I have encountered two problems:

I have created a piano piece with Finale and exported it as XML and imported it into Staffpad.

Obviously the assignment to the instrument is lost and I can't find a way to reassign the piano in Staffpad.

Can anyone help me?

Furthermore, the Spitfire Felt piano is not offered in the Staffpad store.

Does anyone have any idea why this is?

Thank you very much!


----------



## thesteelydane (Apr 13, 2021)

the spitfire felt piano is under the essentials collection, not Spitfire...


----------



## wcreed51 (Apr 13, 2021)

In your score, click on the "violin" icon in the tool bar to open the Staff Setup screen. Here you can assign or re-assign instruments to staves.





The Spitefire and other libraries are specially adapted versions, and only a select few are available


----------



## Bereckis (Apr 13, 2021)

When I go on the violin icon, I already see an assignment to the piano. Yet I hear nothing.

If I assign another instrument (e.g. flute), then I get another staff, can enter notes and then also hear them.

If I unassign the piano and then reassign it, the imported notes are gone.

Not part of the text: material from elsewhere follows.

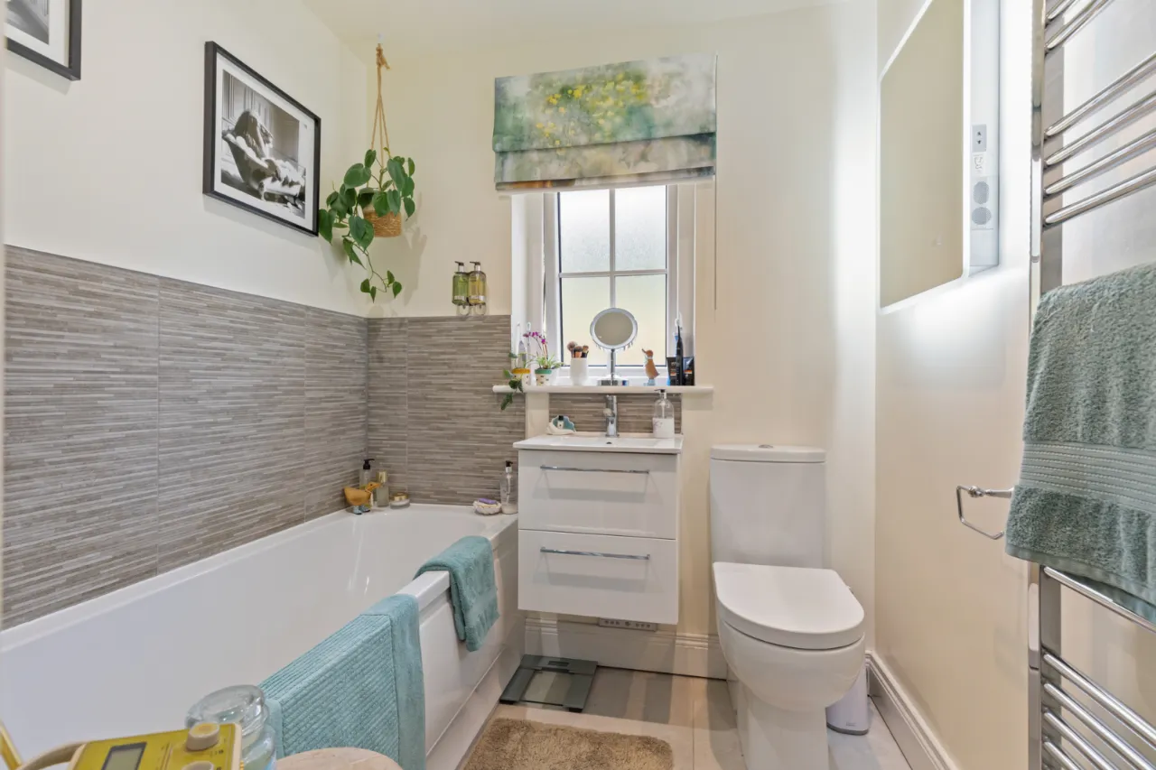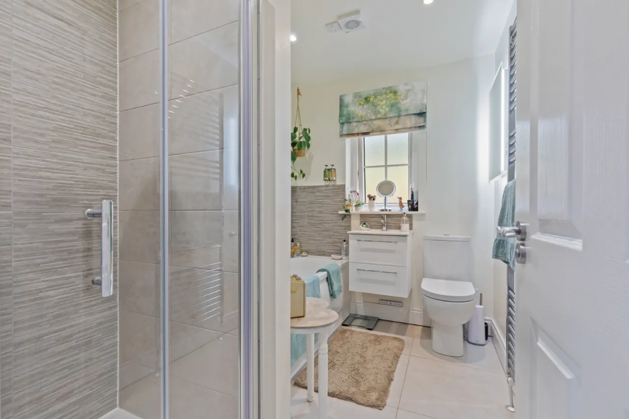 Modern white suite comprising: Panelled bath with mixer taps and telephone hand shower over bath, separate fully tiled shower cubicle with thermostatically controlled shower, rain head and telephone hand shower, floating high gloss vanity sink unit with mixer taps, push button WC, large chrome towel radiator, wall tiling, ceramic tiled floor, LED recessed spotlighting, extractor fan, wired for wall mounted mirror.
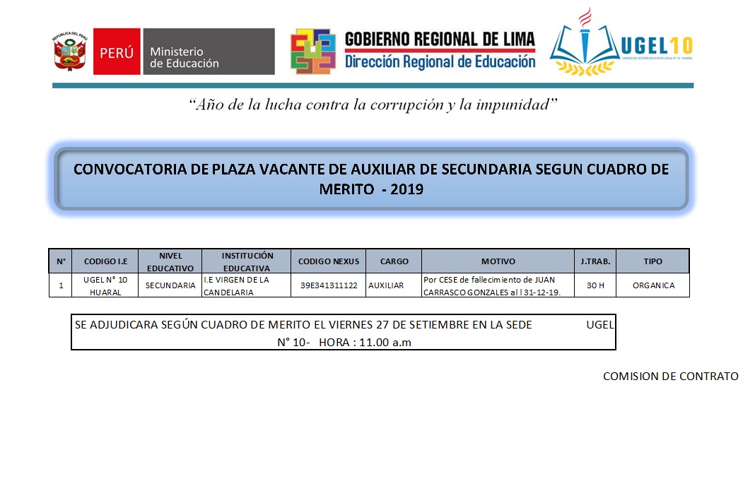 26 Sep,2019 Convocatorias COMMENTS Convocatoria de Plaza Vacante de Auxiliar de Secundaria Según Cuadro de Mérito 2019

Does anyone have an idea what I have to do now?


----------



## Bereckis (Apr 13, 2021)

thesteelydane said:


> the spitfire felt piano is under the essentials collection, not Spitfire...


I have now bought the Felt piano. Thank you!

When I run the violin icon, I can't find the Felt piano. What am I doing wrong?


----------



## Bereckis (Apr 13, 2021)

Bereckis said:


> I have now bought the Felt piano. Thank you!
> 
> When I run the violin icon, I can't find the Felt piano. What am I doing wrong?


Problem solved! Download and installation should already be carried out...


----------



## Bereckis (Apr 13, 2021)

After a correct export (uncompressed) from Finale, the import now works too. All the best!

Staffpad support helped me quickly!


----------